0

Using Python 2.7 to open up file a turn it into a dictionary with row 0 as key and row 3 over as values. Then open up file b, for the matching ID number in row 0 to append the other columns for the match. Then convert back into a list and merge two CSV's.

At the end add headers and save as "output.csv."

And example of what I was expecting:

File a:

1234, 14/12/2,123.4,
5618, 13/1/12,23.4,
9143, 15/2/14,222.4,

File b:

1234,abc,cda
9143,nda, bad 
5618, ede, fpc

(dream) output:

payment date, payment amount, other id, other other id, payment status, payment type
 14/12/2,123.4,1234,abc,cda, Received, Recurring
 13/1/12,23.4,9143,nda, bad, Received, Recurring 
 15/2/14,222.4,5618, ede, fpc,Received, Recurring

(actual) output:

ID, payment date, payment amount, other id, other other id, payment status, payment type
1234, 14/12/2,123.4,1234,abc,cda, Received, Recurring

 5618, 13/1/12,23.4,9143,nda, bad, Received, Recurring 

 9143, 15/2/14,222.4,5618, ede, fpc,Received, Recurring

The code:

import csv

#create a dict from first csv, with clearing solution id as key
with open("DDS.csv", "rb") as f:
    first = {rows[0]: rows[3:] for rows in list(csv.reader(f))}

# compare second csv, append rank, add received recurring columns
with open("report.csv", "rb") as f:
    for row in csv.reader(f):
        if row and row[0] in first:  # row[0] = clearing solution id
            first[row[0]].append(row[1])  # row[1] = rank
            first[row[0]].append(row[2])
            first[row[0]].append('Received')
            first[row[0]].append('Recurring')


# convert dict back to list
merged = [(k,) + tuple(v) for k, v in first.items()]

# write list to output csv
with open('output.csv', "w") as f:
    writer = csv.DictWriter(f, fieldnames =['ID', 'Payment Date', 'Payment Amount', 'Other ID','other other ID', 'Payment Status', 'Payment Type'])
    writer.writeheader()
    csv.writer(f).writerows(merged)

Bonus points: How do I delete the first column from the output CSV?

Thanks

Marius
  • 58,213
  • 16
  • 107
  • 105
  • The immediate issue you're seeing with the extra blank lines should be solved by adding a `lineterminator='\n'` argument to `csv.DictWriter()`, on Windows the csv module uses a lineterminator of `\r\n` by default, see similar questions e.g [here](http://stackoverflow.com/q/19618856/1222578) – Marius Apr 14 '15 at 00:30

2 Answers2

0

You can get rid of the first just don't add (k,) to your tuple and remove 'ID' from your fieldnames.
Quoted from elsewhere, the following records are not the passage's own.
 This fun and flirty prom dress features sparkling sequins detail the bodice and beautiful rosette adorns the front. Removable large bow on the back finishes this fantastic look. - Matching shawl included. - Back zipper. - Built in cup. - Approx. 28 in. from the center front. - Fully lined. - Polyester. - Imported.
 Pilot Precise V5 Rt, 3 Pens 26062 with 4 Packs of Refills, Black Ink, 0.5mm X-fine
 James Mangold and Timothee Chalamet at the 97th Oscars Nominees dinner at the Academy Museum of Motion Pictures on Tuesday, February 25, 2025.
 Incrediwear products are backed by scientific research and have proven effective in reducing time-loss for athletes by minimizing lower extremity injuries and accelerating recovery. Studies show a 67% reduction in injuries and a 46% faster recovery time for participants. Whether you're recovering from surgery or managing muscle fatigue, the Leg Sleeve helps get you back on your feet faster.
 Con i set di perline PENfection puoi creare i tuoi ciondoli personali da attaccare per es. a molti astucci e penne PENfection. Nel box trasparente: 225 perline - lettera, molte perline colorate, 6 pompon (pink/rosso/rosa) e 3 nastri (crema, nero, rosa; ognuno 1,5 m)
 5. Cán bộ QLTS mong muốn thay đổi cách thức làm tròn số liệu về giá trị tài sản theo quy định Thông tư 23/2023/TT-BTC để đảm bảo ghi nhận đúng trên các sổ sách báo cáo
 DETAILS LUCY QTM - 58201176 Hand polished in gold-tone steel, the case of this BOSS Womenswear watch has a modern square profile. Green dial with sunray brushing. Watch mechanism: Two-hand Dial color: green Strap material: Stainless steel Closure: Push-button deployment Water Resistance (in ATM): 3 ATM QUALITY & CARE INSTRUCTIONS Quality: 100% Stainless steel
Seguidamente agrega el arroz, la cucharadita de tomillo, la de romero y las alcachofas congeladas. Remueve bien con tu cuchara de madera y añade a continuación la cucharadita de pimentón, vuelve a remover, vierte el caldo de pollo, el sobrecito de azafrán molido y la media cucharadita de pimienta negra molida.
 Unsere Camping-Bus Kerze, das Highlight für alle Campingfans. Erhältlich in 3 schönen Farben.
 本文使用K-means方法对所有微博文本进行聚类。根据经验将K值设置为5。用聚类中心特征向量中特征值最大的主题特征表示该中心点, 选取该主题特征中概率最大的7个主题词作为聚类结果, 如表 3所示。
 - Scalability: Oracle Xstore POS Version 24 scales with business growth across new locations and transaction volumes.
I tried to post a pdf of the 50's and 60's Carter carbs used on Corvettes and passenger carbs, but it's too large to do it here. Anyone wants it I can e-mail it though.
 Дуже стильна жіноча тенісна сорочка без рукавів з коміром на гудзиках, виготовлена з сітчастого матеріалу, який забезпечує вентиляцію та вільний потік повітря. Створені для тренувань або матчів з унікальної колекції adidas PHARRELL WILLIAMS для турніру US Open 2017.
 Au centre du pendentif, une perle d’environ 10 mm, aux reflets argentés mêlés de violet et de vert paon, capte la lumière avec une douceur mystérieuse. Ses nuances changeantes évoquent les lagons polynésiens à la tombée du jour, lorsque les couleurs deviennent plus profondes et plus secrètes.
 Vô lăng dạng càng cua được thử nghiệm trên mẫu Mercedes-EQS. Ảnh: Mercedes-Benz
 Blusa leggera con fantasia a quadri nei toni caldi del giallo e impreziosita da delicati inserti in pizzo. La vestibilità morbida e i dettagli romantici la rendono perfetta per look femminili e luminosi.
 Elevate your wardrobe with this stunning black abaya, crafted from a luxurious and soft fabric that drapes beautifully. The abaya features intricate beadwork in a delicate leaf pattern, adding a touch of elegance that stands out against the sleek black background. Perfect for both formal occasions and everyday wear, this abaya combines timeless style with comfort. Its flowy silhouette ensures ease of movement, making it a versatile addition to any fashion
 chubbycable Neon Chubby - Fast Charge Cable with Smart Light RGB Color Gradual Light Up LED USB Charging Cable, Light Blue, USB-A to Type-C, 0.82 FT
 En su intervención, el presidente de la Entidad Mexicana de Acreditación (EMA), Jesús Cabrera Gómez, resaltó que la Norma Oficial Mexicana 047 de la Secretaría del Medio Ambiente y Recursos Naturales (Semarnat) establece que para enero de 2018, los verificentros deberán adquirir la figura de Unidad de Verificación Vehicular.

You don't need to be creating another writer to write the rows csv.writer(f).writerows(merged)?:

merged = [tuple(v) for k, v in first.items()]
with open('output.csv', "w") as f:
    writer = csv.DictWriter(f, fieldnames =['Payment Date', 'Payment Amount', 'Other ID','other other ID', 'Payment Status', 'Payment Type'])
    writer.writeheader()
    writer.writerows(merged)
AChampion
  • 29,683
  • 4
  • 59
  • 75
-1

I suggest using classical python string manipulation instead of csv module.

For example using rows.replace(' ','').split(,)[0] instead of rows[0] should solve the space problem.

Ant
  • 134
  • 4